# Window casing help..



## jrichards

I am trimming out my windows in my basement but I am having trouble trying to come up with the correct look for the type of windows I have.

This is what my windows look like and I plan on doing a craftsman style trim with a header over each window.









Now my question is with the sill being so deep I don't know if adding an overhang is possible.

This is the header style I plan on doing over each window but I am not sure what I should do for the casing...










Should I use 1"x4" with 45ºs around the window with no sill? I am just not sure what would look right because all the deep windows I see just have regular casing around them and I want to add some detail with the headers. Any advice would be greatly appreciated.


----------



## cabinetman

*WELCOME TO THE FORUM*

As short as the windows are, I might pick a casing that would give an illusion of height, maybe something like this. As for a sill, I would use a comparable detail as the header similar to this. The sill should represent close to the same width as the header. You could add a detail under the sill in a moderate profile. 
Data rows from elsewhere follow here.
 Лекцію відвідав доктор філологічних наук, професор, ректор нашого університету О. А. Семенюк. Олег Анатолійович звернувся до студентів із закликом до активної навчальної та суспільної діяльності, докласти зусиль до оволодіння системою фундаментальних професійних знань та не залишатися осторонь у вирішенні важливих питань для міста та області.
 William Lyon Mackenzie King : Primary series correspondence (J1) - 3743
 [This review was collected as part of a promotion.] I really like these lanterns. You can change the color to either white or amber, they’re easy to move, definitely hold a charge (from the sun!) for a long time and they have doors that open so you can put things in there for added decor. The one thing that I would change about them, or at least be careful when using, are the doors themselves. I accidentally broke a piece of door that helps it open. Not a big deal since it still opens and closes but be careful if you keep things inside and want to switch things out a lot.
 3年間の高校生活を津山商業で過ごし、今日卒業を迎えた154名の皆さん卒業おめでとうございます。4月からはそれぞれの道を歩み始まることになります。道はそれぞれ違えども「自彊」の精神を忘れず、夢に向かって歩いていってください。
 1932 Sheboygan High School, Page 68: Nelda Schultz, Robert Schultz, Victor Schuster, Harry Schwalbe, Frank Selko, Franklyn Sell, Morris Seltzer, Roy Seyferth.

The images posted here are not my images, but just used as an example. Door casings and base moulding if used should be representative of the window trim.


----------



## jrichards

Thanks for the welcome and ideas!!


----------



## craftsman jay

Typically, when I do arts and crafts with a pediment, I usually will just miter the bottom corners. Keeping a flat appearance all around (no sill or apron). This keeps the focus on the detail work of the pediment.


----------



## jrichards

That was my original intention but I wasn't sure if that was the "correct" look or if there was another standard for that style. I appreciate the feedback!! :thumbsup:


----------



## jrichards

Do they make base moulding without the grooved back? What trim do you use for the header caps? I was looking at all of the base at HD and all of it was grooved out on the backside...


----------



## mdntrdr

Why do you need base without the relieved back?

Are you using it for an apron?

If so, you can retun the ends with 45 deg. miters.


----------



## jrichards

I am using the base (upside down) as a cap on the headers above my windows.

Something like this...


----------



## mdntrdr

Are you talking about on top of the crown moulding?


----------



## jrichards

Yes, from what I can tell its base upside down, is there something else I can use.


----------



## mdntrdr

The base would work fine as long as its wide enough to reach the wall.
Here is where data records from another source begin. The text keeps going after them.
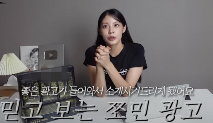 In the 8-minute and 9-second video, Cho Min revealed the Silver Button she received from YouTube for reaching 100,000 subscribers and introduced a red ginseng gift set, saying, "I received a good advertisement offer, so I am introducing it." The subtitles read, 'Trusted Jjomin advertisement.'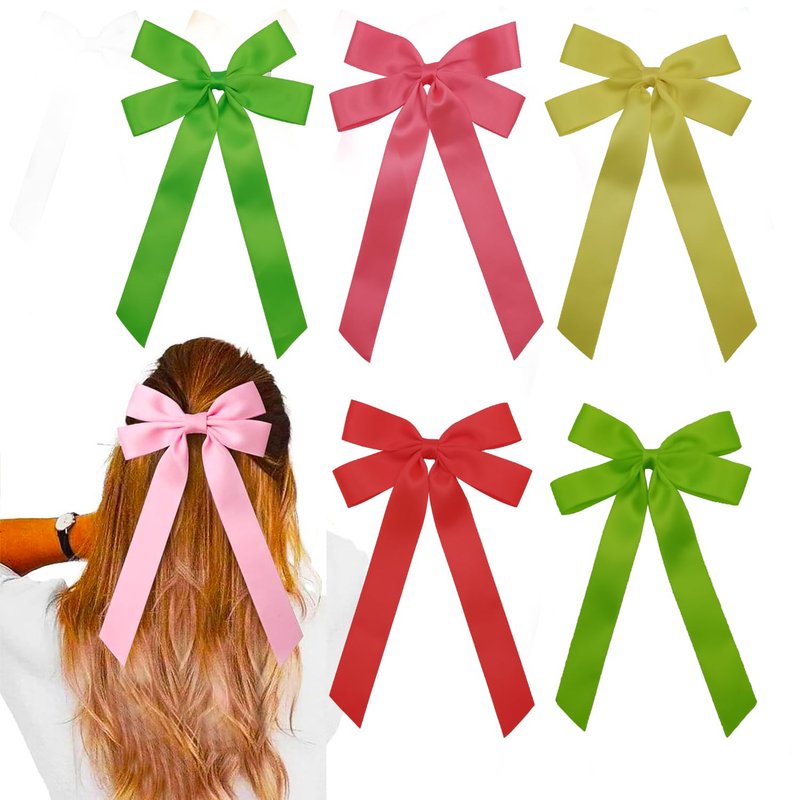 - Product Type: Large Satin Hair Bows Hair Ribbons for Women Material: Satin Ribbon Size: Large Technics: Handmade Color: 5 different color for your choose Packing: 5 pcs/bag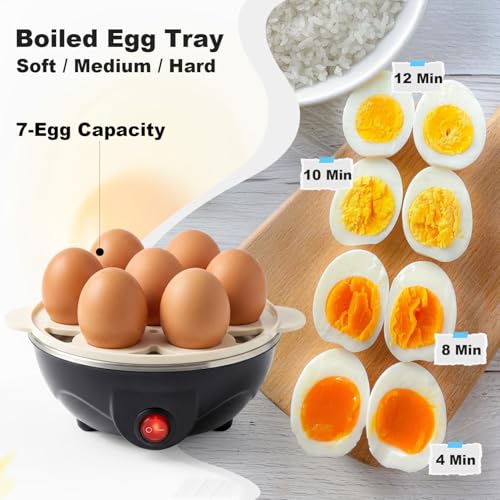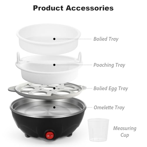 - Multifunctional 3-in-1 Design: This high-quality electric egg cooker combines boiling eggs, poaching eggs, and steaming vegetable omelets in one unit. It features a removable 7-egg capacity steamer rack, a divided steamer rack, a measuring cup, and a steaming tray, allowing effortless preparation of family breakfasts and healthy snacks.

when you miter the ends to return to the wall, that will hide the relief.

Or you could just use a 3/4" board with a routed profile for the cap.


----------



## sanchez

The trim in those first few pictures looks exactly like the trim in my old house that was built in 1930. I loved the woodwork in that house. My 2008 new construction has nowhere near as nice woodwork.


----------



## jrichards

Well I worked on the windows over this past weekend. I went ahead and just used 1x4's for the casing and the caps on the crown. I still need to caulk, prime, and paint but I have to finish the rest of the trim.

What do you think?


----------



## claymation

jrichards said:


> What do you think?


Here's my quick 2 cents:
Move the crown up to increase the reveal on the header to more closely approximate the dimensions on the sides. Crown is too big/"heavy" on those short windows; I think it calls for a narrower crown. the sill too wide; makes the windows seem even shorter. Shorten the ears on the sill and put a round over on it. Remove and rescribe the sides where the gap is at the top; I don't think they make enough caulk to fill that gap! ;-) I don't do a lot of trim, but these are the things that caught my eye. Keep up the good work.


----------



## BWSmith

Basically agree with claymation.

This window is a tuffy.........You really need to weigh heavily on making it appear taller.Keeping Horz. "lines" (and unbroken crown is really just a bunch of lines)to a min.Not suggesting this for your windows but flutes/reads on the verts inhance this tallness for example.The wider reveal under crown will really help.And I would cheat the width on sides as much as I could stand it.This narrowing will bring those 2 vert "lines" closer together and also shorten the overall package.And would even consider a "sectioned" chamfer on the verts(sectioned as to not extend full length,stop short of sill/header),so as to add some vert lines and fool the eye somewhat.BW


----------



## MGB

If you want an honest opinion I think your too heavy on your header. Plus on the sill I would cut the horns back to 3/4"-1"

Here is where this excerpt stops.